- Your goal: Lines from the one containing "The timed mile circuit" through the final line of the data, restated word for word and free of pictures, make up the whole answer.

☆ ☆ ☆ ☆ ☆ ☆ ☆

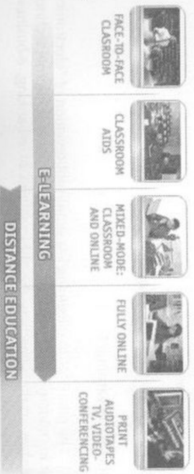
Figure 1. Modalities of teaching and learning with respect to the use of ICT

The modalities are additionally explained in Table 1 where also the usual delivery modes are stated for every mode.
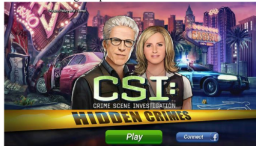
Figure 1. Front page layout of CSI:Hidden Crime

Figure 1 shows the initial layout of the CSI game; Hidden Crime , which is an adventure puzzle game with the aim of uncovering the puzzle of evil with forensic skills.
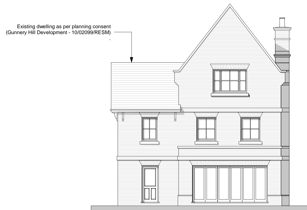
03 Existing North West Elevation 02100 Scale 1 : 100
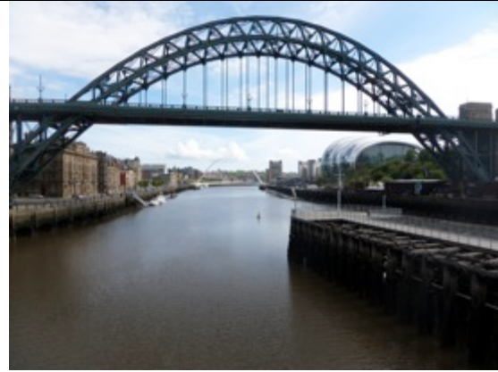
The timed mile circuit
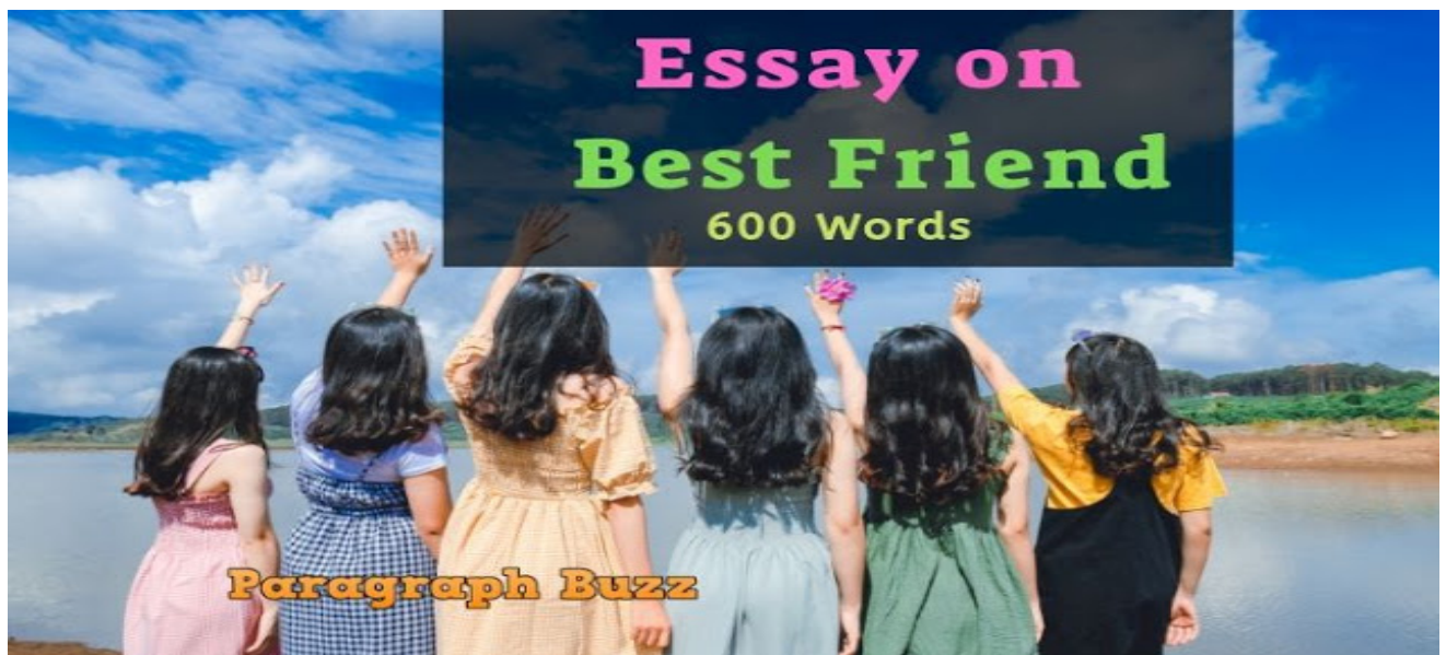
Essay on My Best Friend in 600 Words

Introduction: Friendship is a really good relationship between two humans. We all have friends and we understand the importance of friendship very well. We need to respect this relationship and need to work making our friendship better with our friends. But in most of the case, we have a special friend who is totally different from the others, who are so much similar to me and who understand me very well. Yes, we all have that friend. We call him 'best friend'. Today I will share lots of things about my best friend.
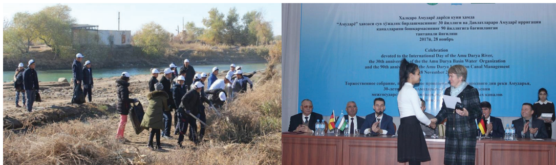
“The Amudarya River Day” (from left to right):

1) Cleaning of the Amudarya River bank - Uzbekistan
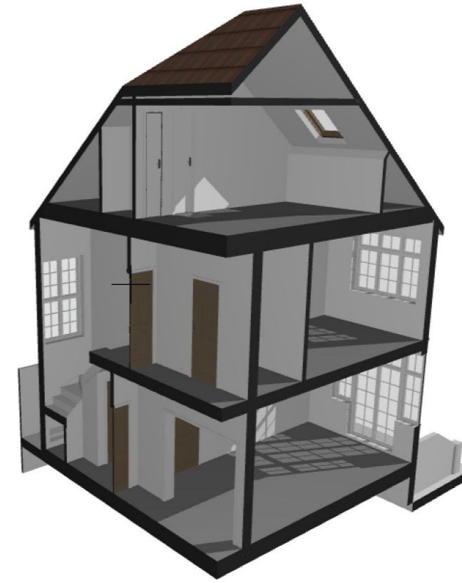
SECTION 3D VIEW
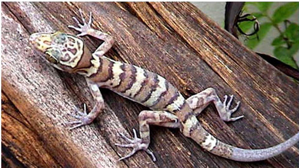
FIGURE 3. Living specimen of Cyrtodactylus tigroides , sp. nov. exhibiting a particularly bold dorsal patterning.
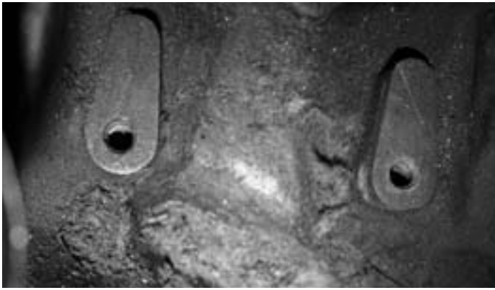
17- Use 3/8 - 16 tapped holes on the motor for the mounting support bracket.
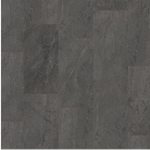
938 Charcoal Soapstone
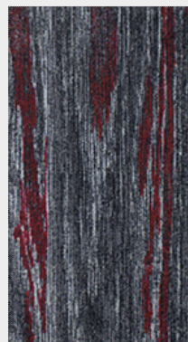
7906 EBONY GARNET
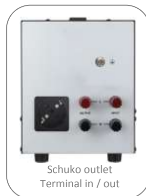
Schuko outlet Terminal in / out

☆ ☆ ☆ ☆ ☆ ☆ ☆

- Result:
The timed mile circuit
Essay on My Best Friend in 600 Words

Introduction: Friendship is a really good relationship between two humans. We all have friends and we understand the importance of friendship very well. We need to respect this relationship and need to work making our friendship better with our friends. But in most of the case, we have a special friend who is totally different from the others, who are so much similar to me and who understand me very well. Yes, we all have that friend. We call him 'best friend'. Today I will share lots of things about my best friend.
“The Amudarya River Day” (from left to right):

1) Cleaning of the Amudarya River bank - Uzbekistan
SECTION 3D VIEW
FIGURE 3. Living specimen of Cyrtodactylus tigroides , sp. nov. exhibiting a particularly bold dorsal patterning.
17- Use 3/8 - 16 tapped holes on the motor for the mounting support bracket.
938 Charcoal Soapstone
7906 EBONY GARNET
Schuko outlet Terminal in / out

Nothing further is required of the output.